Cardiovascular and renal effects of acute PDE9A inhibition were recently reported in sheep with normal or failing hearts⁹⁹. A different PDE9A inhibitor compound (PF- 04749982) was administered intravenously, and this dose dependently increased plasma cGMP/natriuretic peptide ratio, urinary cGMP, and in heart failure conditions, urine volume, sodium excretion, and creatinine clearance. An observed increase in cardiac output and arterial vasodilation in animals with failing hearts administered the highest dose may reflect PDE9A-mediated changes, though off target effects on PDE1 are also possible. No prior studies in humans have reported blood pressure changes. These data in a large mammal support interactions between PDE9A and NP-derived cGMP, and suggest HF benefits may derive from cardiac and renal improvement.

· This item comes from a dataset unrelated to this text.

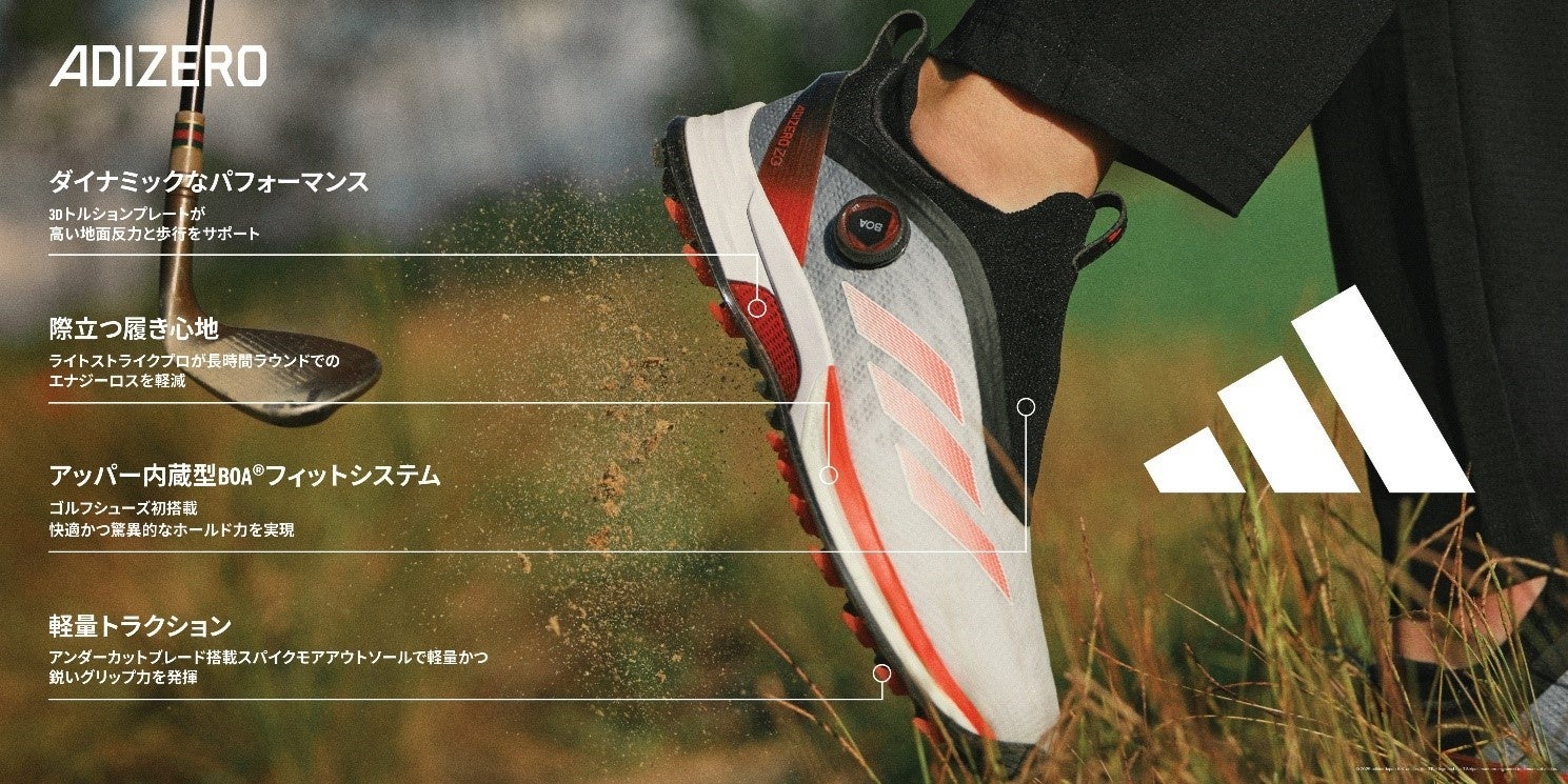 最後の一打まで自信を持って全力で挑めるゴルフシューズゴルファーのニーズを満たす軽量ギア「Adizero ZG 25」2/14発売

Clinical exploration of the cardiovascular role of PDE9A is in early stages. Several small molecule inhibitors have been generated, and at least three have been studied in humans for treatment of Alzheimer’s disease¹⁰⁰, schizophrenia, or prostatic hypertrophy. None of these indications proved sufficiently encouraging to continue development. However, Cardurion Pharmaceuticals initiated safety and dose-finding human studies in heart failure patients in late 2018, using the PDE9A inhibitor CRD-733, and these trials are ongoing. Another potential avenue is to synergize the regulation of NP-dependent cGMP levels resulting from neutral endopeptidase (neprilysin) inhibition with suppression of hydrolysis of the synthesized cGMP by a PDE9A inhibitor. Preclinical studies are underway to assess this interaction.

Summary

In just the past few years, studies have revealed striking new roles of various PDEs on cardiovascular physiology and disease. With PDE1, the disparity in isoform expression between rodent and larger mammal may explain the cAMP-related changes observed in the latter but not former species. After near abandonment for several decades, new therapeutic opportunities for PDE1 inhibition to treat myocardial disease and heart failure have led to clinical studies. PDE3A inhibition by non-conventional means, including allosteric protein disruptors or altered pharmacokinetics may reignite interest. The role of PDE5A and PDE9A inhibition continues to be elucidated, but their impact on molecular signaling in the heart, and differential control over cGMP synthesized by NO versus NP pathways, support ongoing efforts to test their therapeutic utility for heart disease.